Avoiding the word no is what leads someone to become a people pleaser. They don’t want to say no to anyone, and they don’t want anyone to tell them no.
If you’re a people pleaser, you probably take on more than you want to both at work and home, leaving you tired and run down. So you’re not pleasing yourself.
There are many reasons someone becomes a people pleaser, including low self-esteem and insecurity, but it doesn’t matter why you became like this but how you can stop. And one way is to look at what you’re making no mean about you.
What does no mean about you?
What do you think no means about you?
Are you afraid of what people might think of you? People spend a lot of time worrying about what other people think when they have no idea.
You make up a story about what you think they think and then react to the story you’ve created. You think that they think you’re not a very nice person and that you’re selfish.
But you’re reacting to what you think about people that say no. You’re always reacting to your own thoughts so ask yourself why you think this about anyone that says no? Might it be because you envy their ability to say no when you can’t?
You might think that others won’t approve of you if you say no. That they’ll reject you. Maybe you worry that others will feel that you’ve rejected them if you say no.
But is this true?
If you see a mother at the supermarket checkout and her child wants sweets, and she says no, do you think she’s a bad person? That she’s selfish? That she is rejecting her child?
You probably don’t have any thoughts about the scene at all.
People pleasers are looking for safety; they don’t want to be excluded from the tribe. They want others to approve of them, but this leads them down a rabbit hole of becoming scared to express an opinion and they end up agreeing with all sorts of issues that, inwardly, they oppose.
They’re so frightened of saying, or hearing, no that they constantly say yes.
Scared to hear no
‘You can have anything you want in life if you are willing to receive 1,000 NOs.’ Byron Katie
Are you able to ask for what you want? I’ve worked with a few sales teams over the years, coaching them on feeling confident, and it’s never the first no that knocks them or the second, but, as you must have heard, the third is always a charm.

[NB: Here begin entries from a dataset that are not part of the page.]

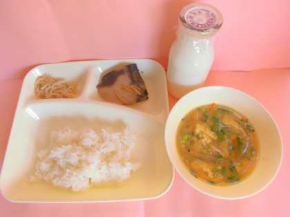 10/11(水)の献立は、なまりぶしのしょうが煮、みそ汁、もやしのごまあえ、ごはん、牛乳でした。
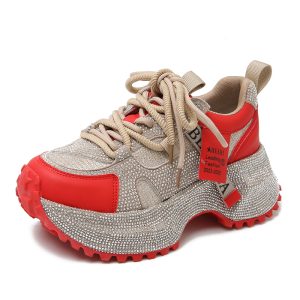 Shiny Sequin Women’s High-top Sneakers With Thick Soles, Lace-up Fashion Shoes Featuring Silver And Red Rhinestone Design
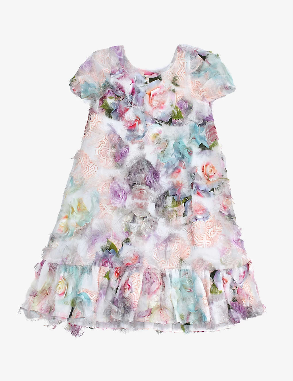 - Regular fit, A-line silhouette, sleeveless, tulle skirt, all-over floral print, gold-tone details
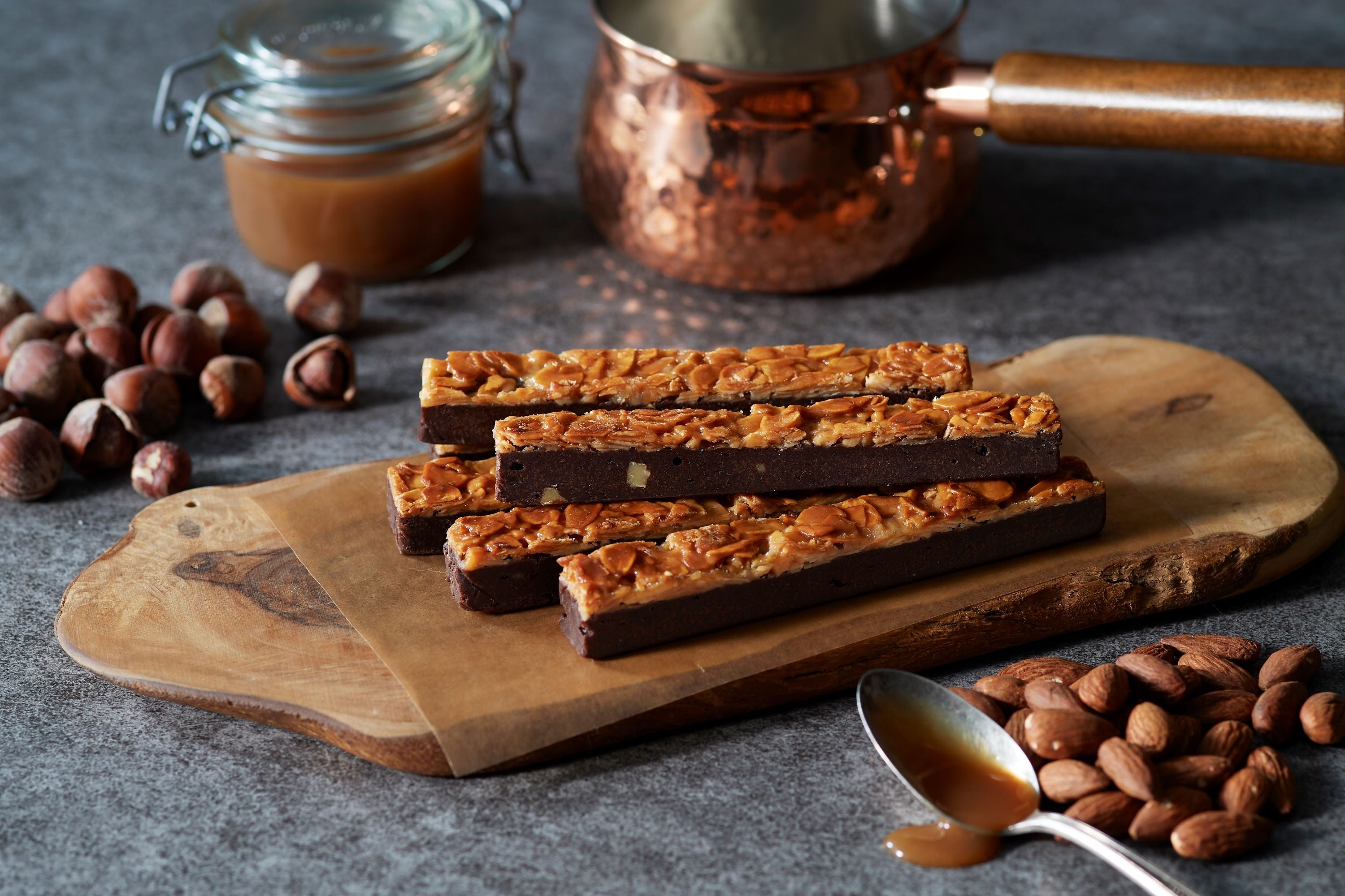 ヘーゼルナッツペーストを混ぜ込んだブラウニー生地の上に、アーモンドとカラメルのヌガーを重ねました。
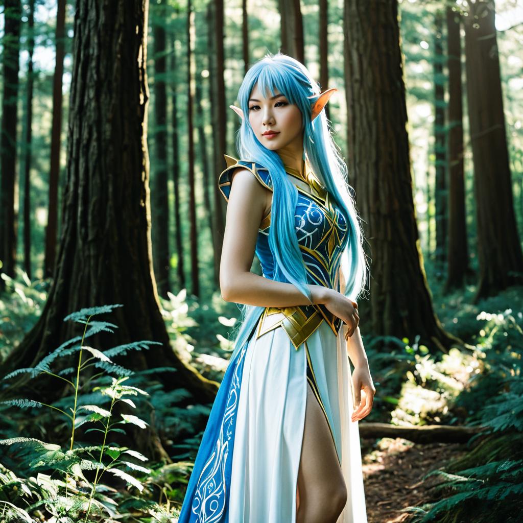 Green pokemon cosplay, photorealistic, young woman, forest background, green dress, leaf-inspired, green hair, elf-like ears, yellow flower accessory, long wavy hair, standing, sunlight filtering through trees, summer, fantasy character, detailed ures, natural light, beautiful, feminine, attractive, green color palette, detailed foliage, cosplay, ethereal, digital art
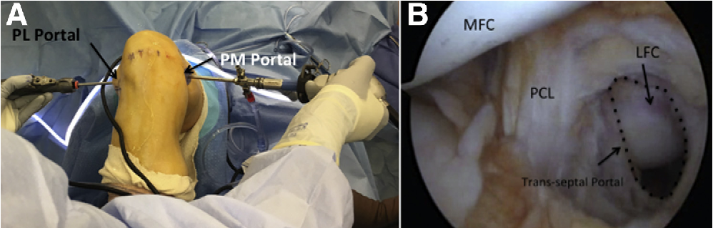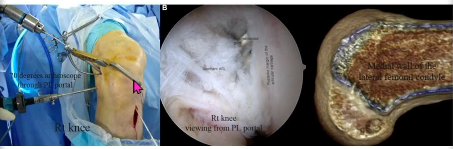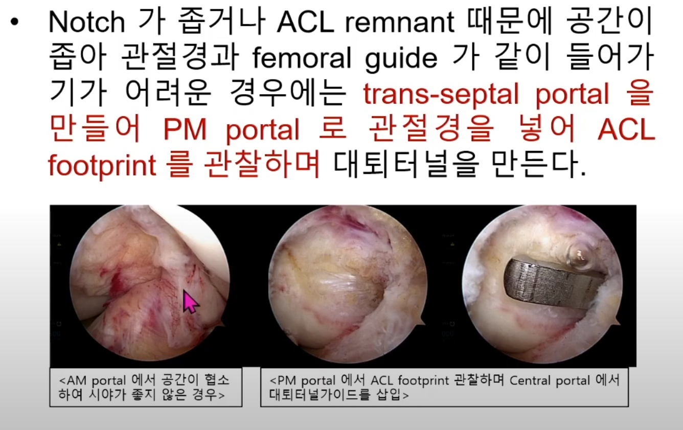 - Posterior 관절경 의 경우 PL, Trans-septal portal을 이용하여 ACL을 보존할 수 있습니다.
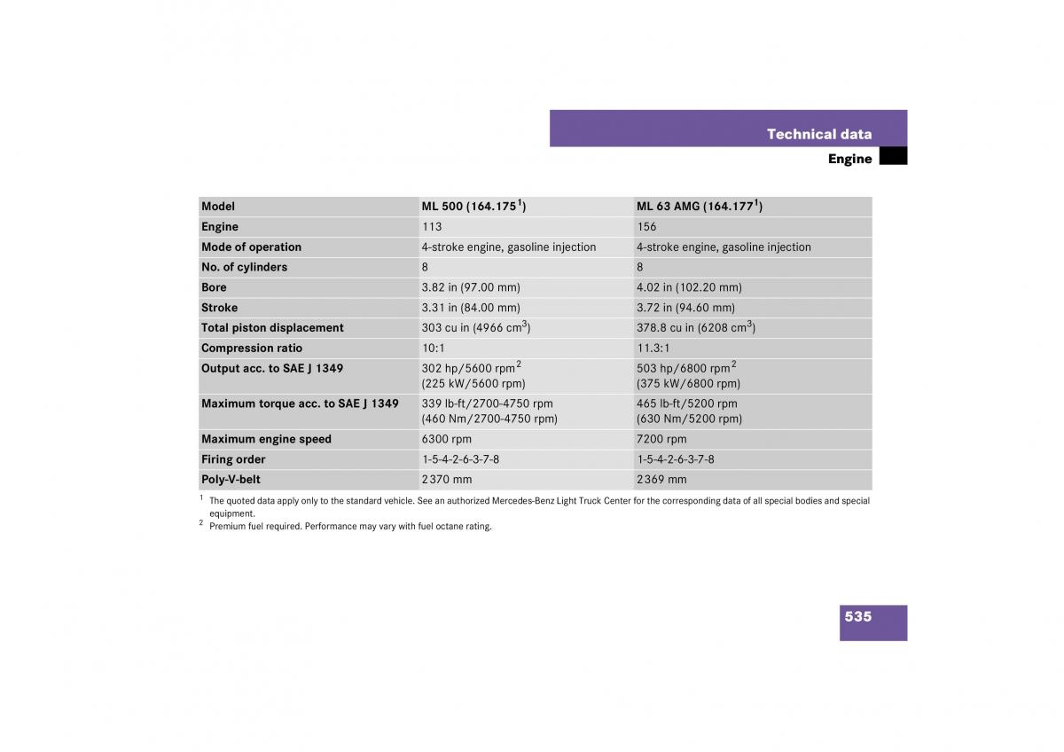 from owners manual to the vehicle Mercedes ML, year of production 2005 - 2011:
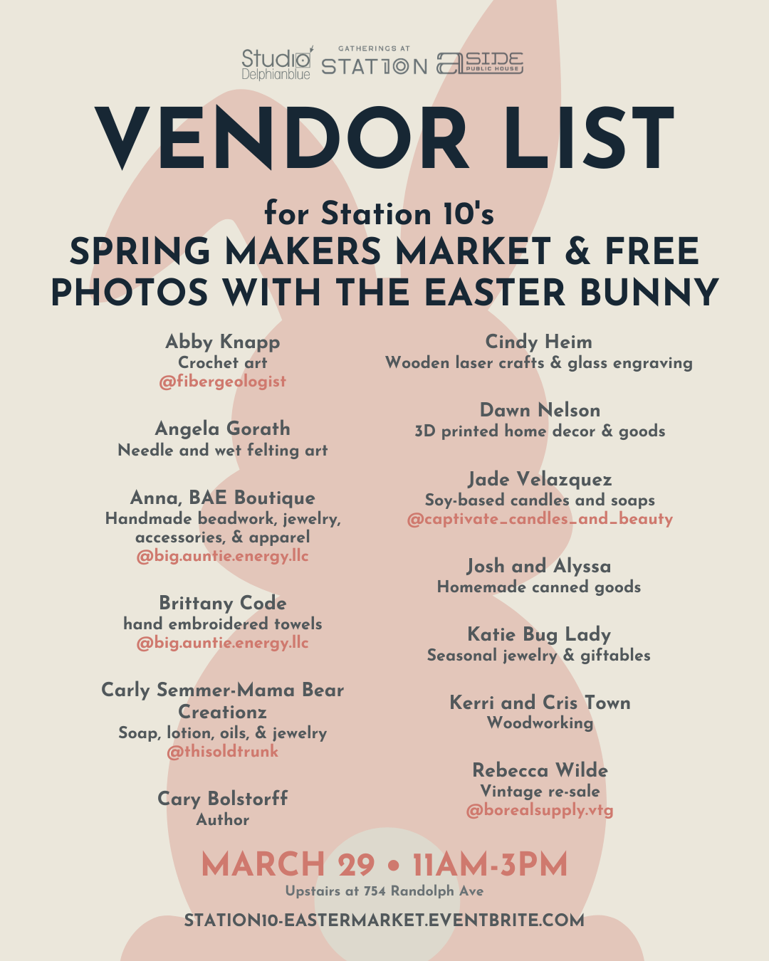 Sunday, March 29 from 11am - 3pm upstairs at Station 10!

When a salesperson gets the third no, they start to wobble. They don’t want to pick up the phone for the fourth attempt in case they get another no.

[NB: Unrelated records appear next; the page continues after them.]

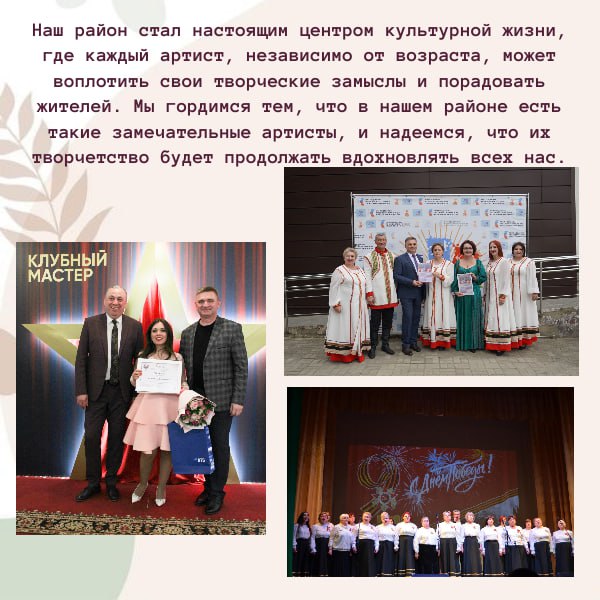 Желаем творческих успехов, вдохновения и неугасимого желания радовать зрителей своим искусством. Пусть каждый новый день приносит радость и удовлетворение, а ваши таланты продолжают раскрываться и сиять ярче.
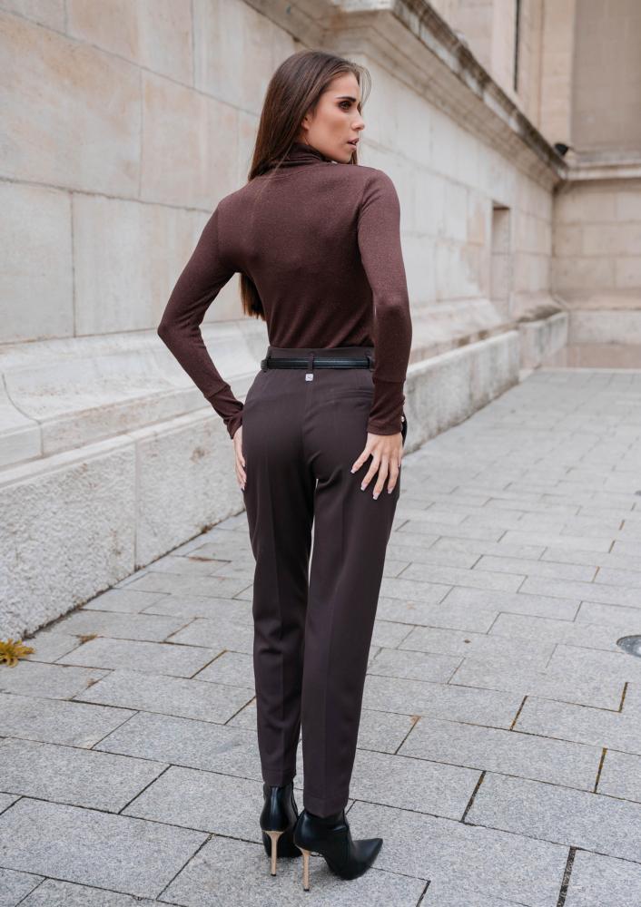 Barna színű, elasztikus Magenta felső, szűk fazonú, garbós nyakrésszel, ujja alján passzéval és díszgombokkal díszítve. Oldalán rávarrt textil Magenta márkajelzés.
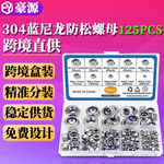 125pcs跨境货源盒装螺母套装不锈钢蓝尼防松螺母六角锁紧螺母套装
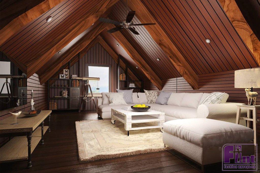 Если хотите сделать из чердака пространство для отдыха, смотрите на объёмную мягкую мебель. Например, длинный угловой диван, крупные пуфы. При расстановке не задвигайте мебель вплотную к стене. Из-за скошенной крыши есть шанс удариться головой при попытке резко встать. А еще свободное пространство между стеной и крупным диваном создаст дополнительное ощущение простора и воздушности. Не забывайте про декоративный текстиль: ковер, пледы и диванные подушки. Они придадут интерьеру ощущение завершенности. Единственная проблема – как затащить большой диван на чердак, особенно, если на него ведёт узкая лестница и небольшая дверь.
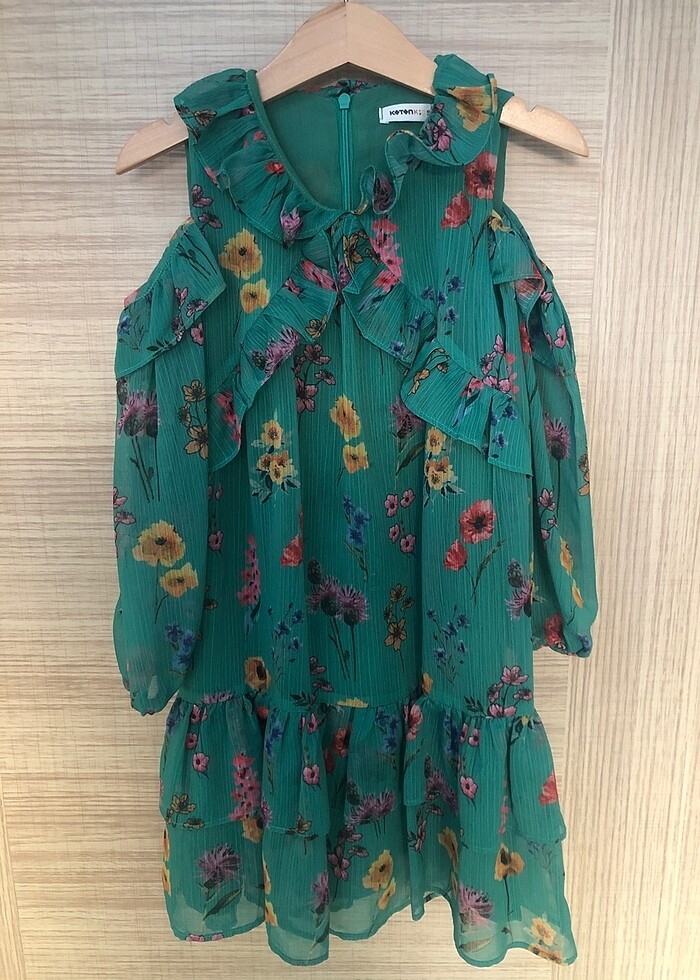 Temizdir. 4-5 yaş şifon elbise kolları açık detaylı çok şık elbise.Heryerde giyilebilir. Hiç bir sorunu yoktur
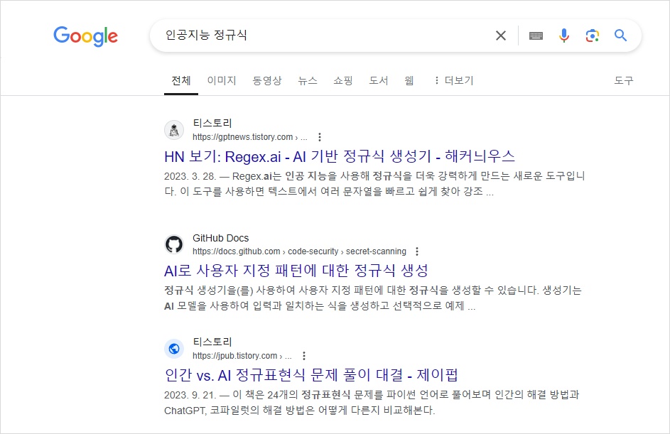 우선, 구글에 인공지능 정규식이라고 검색을 해볼까요?
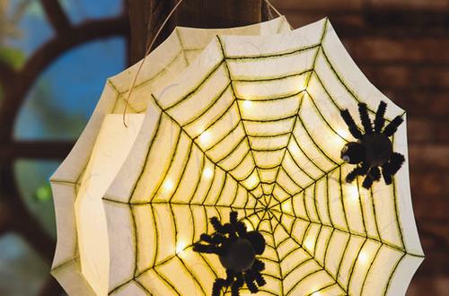 Freie Formen gelingen euch ebenfalls mit Lampenfolie, die einfach zugeschnitten werden kann. Die Anleitung für die gruselige Spinnennetz- Laterne gibt es zum kostenlosen Download.

They miss the yes for fear of the no.
How many times do you do that? I don’t mean as a salesperson but in everyday life? How often are you more afraid of hearing no than taking the risk of hearing a yes?

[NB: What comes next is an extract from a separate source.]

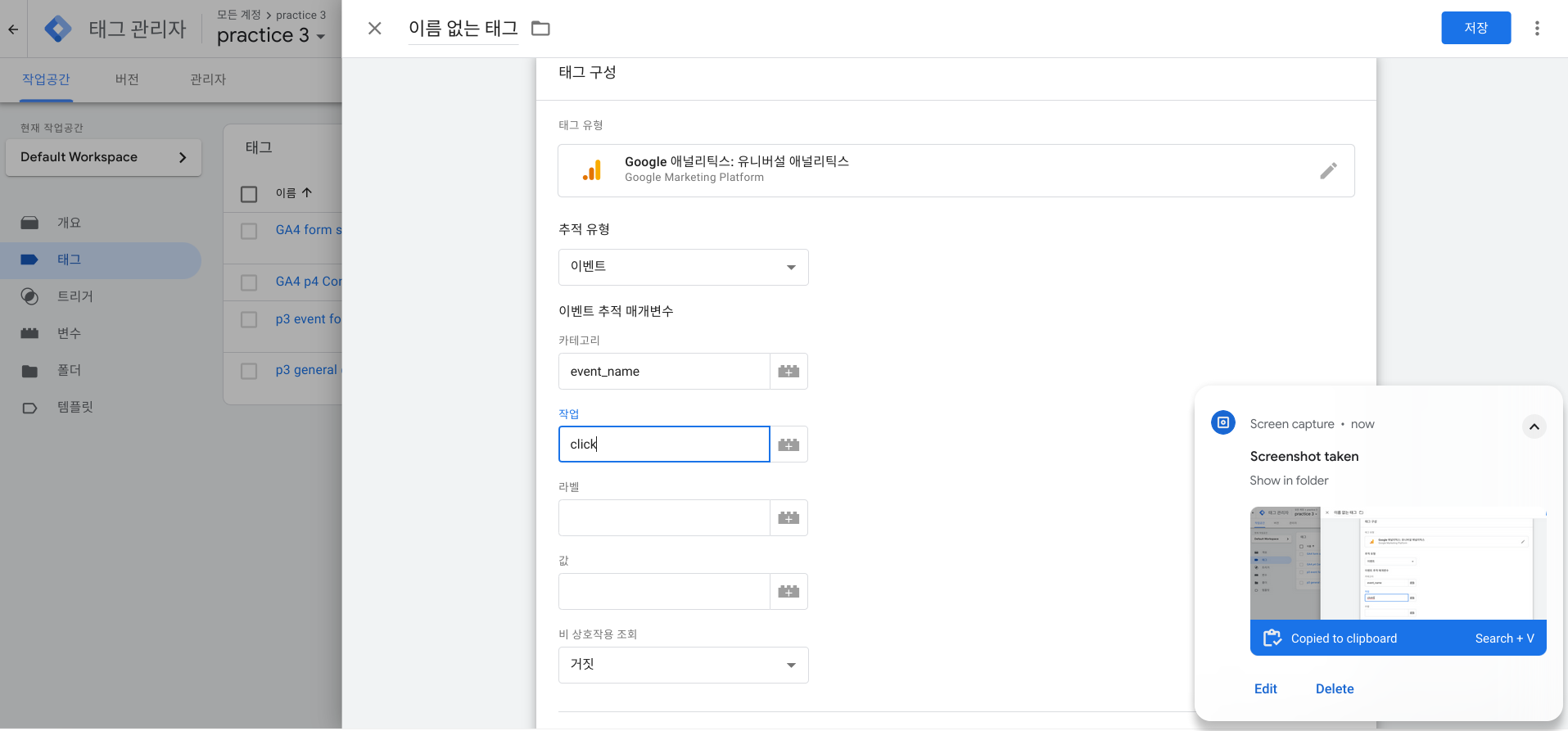 카테고리 (이벤트 이름)와 작업을 입력하고
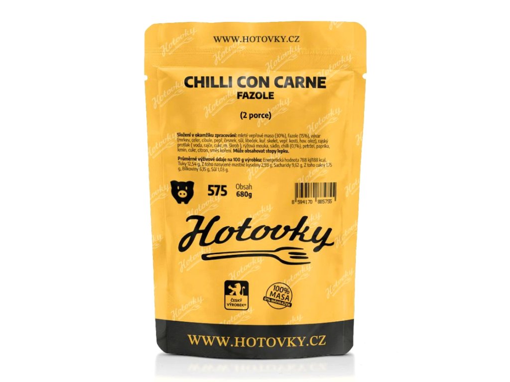 Složení v okamžiku zpracování: mleté vepřové maso (30%), fazole (15%), vývar (mrkev, celer, cibule, pepř, česnek, sůl, libeček, kuř. skelet, vepř. kosti, hov. ořez), rajský protlak ( voda, rajče, cukr, m. škrob ), rýžová mouka, sádlo, chilli (0,1%), petržel, paprika, kmín, cukr, citron, směs koření. Může obsahovat stopy lepku.

So are you able to ask for what you want? This could be asking your boss for a raise or your partner to take the children out for the day to give you time.
Or maybe you rehearse asking the question and then rehearse being told no and are defeated before you speak out loud? How about rehearsing that things go exactly as you want them to?
You’re making it up anyway, so you might as well make up what you want to happen rather than what you don’t.
So practice collecting the noes and see what happens?
Collecting the noes
If you make collecting the noes fun rather than something to dread, you can stop taking every no as a personal rejection.
This works in any area of your life. If you’re a writer, you can stop worrying about whether your article or novel will be rejected. You know that for every ‘overnight’ success, a writer has a drawer full of rejected manuscripts.
This works for every parent that hears their child say no from a toddler to a teenager. If the no doesn’t mean anything beyond a refusal to do something, if you’re not making it means that the child hates you or is determined to ruin your life, you can continue to ask the question without fearing the no.
This works for every online dater who hopes that this date will be the one and then is disappointed when it’s another no. I have clients who create scenarios of marriage, houses, and children before they’ve met their date in person and then feel devastated as their dreams turn to dust when the date isn’t as expected or there isn’t any chemistry.
But if you collect the noes, each date can be a pleasant time spent with someone new without disappointment.
Make every no a celebration of success that you submitted the novel or article, that you love your child despite the refusal, and that you are resilient enough to continue dating without crushing disappointment when the date isn’t the one.
Remember that no is a neutral word until you put meaning on it. The word means nothing about you and isn’t always negative. If you asked your partner if they’ve fallen in love with someone else and they say no, it might be a word you want to hear.
The word can’t affect you personally unless you take the meaning you’ve made personally. So any rejection you feel when you’re trying to sell an article or product and you hear your fifth no has nothing to do with your worth and everything to do with your thoughts about your worth.
And the more noes you collect means that you’re happy to continue to ask the question, which will lead to more yesses.
Collecting the noes can help you to collect the yesses.